Data records
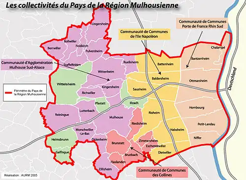 - la Communauté d'agglomération Mulhouse Sud-Alsace ou CAMSA (créée en 1997 comme communauté de communes puis devenue communauté d'agglomération en 2001) ;
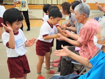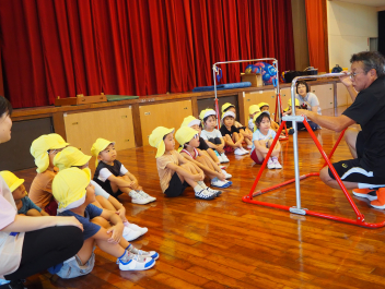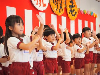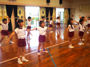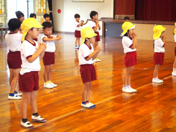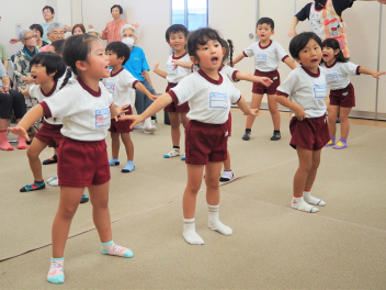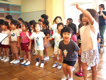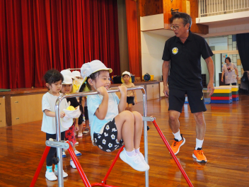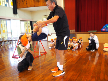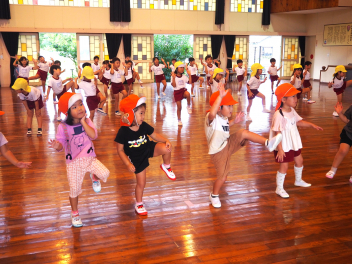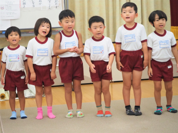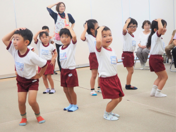 遊戯室に集まって「体操」をしました。最初のポーズ、かっこいいですね!
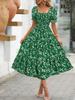 Floral Square Collar Ruched Waist Bubble Sleeve Layered Dress Sweet Style Dress
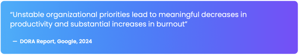 - Speed is the north star. 58% cite Deployment Frequency and Lead time to Change as top priorities in 2026.
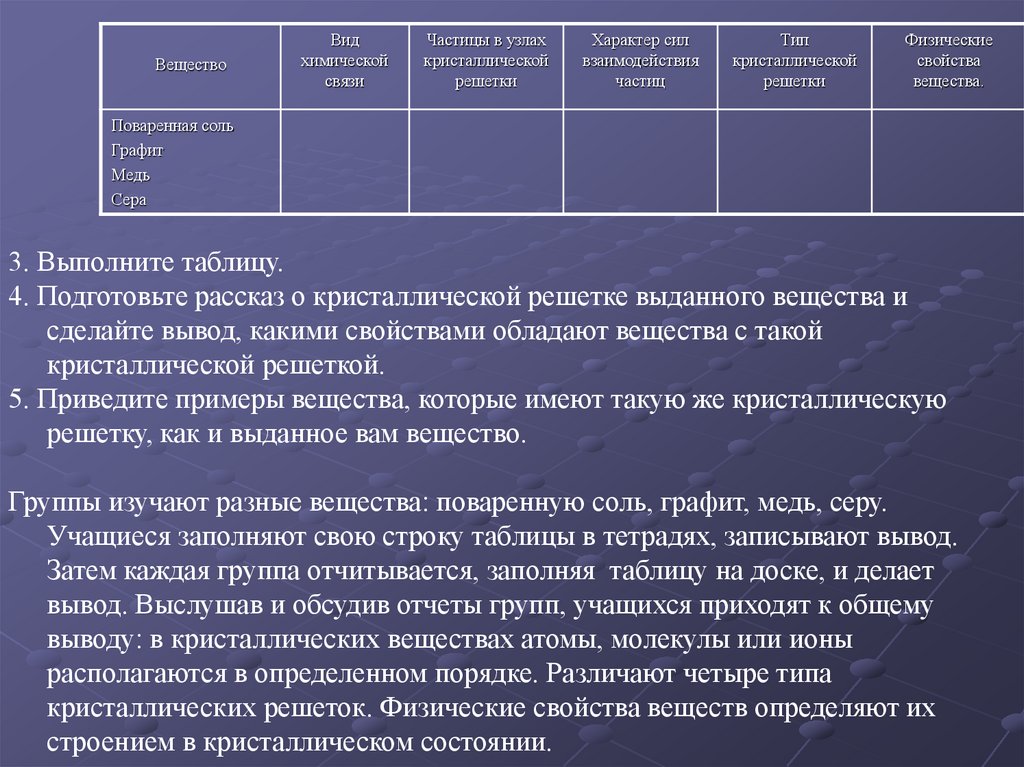 4. Подготовьте рассказ о кристаллической решетке выданного вещества и

REQUIREMENT. Take the line containing "- Speed is the" and all lines after it to the end of the data above, and reproduce them exactly, leaving out pictures. Nothing else belongs in the copy.

ANSWER.
 - Speed is the north star. 58% cite Deployment Frequency and Lead time to Change as top priorities in 2026.
 4. Подготовьте рассказ о кристаллической решетке выданного вещества и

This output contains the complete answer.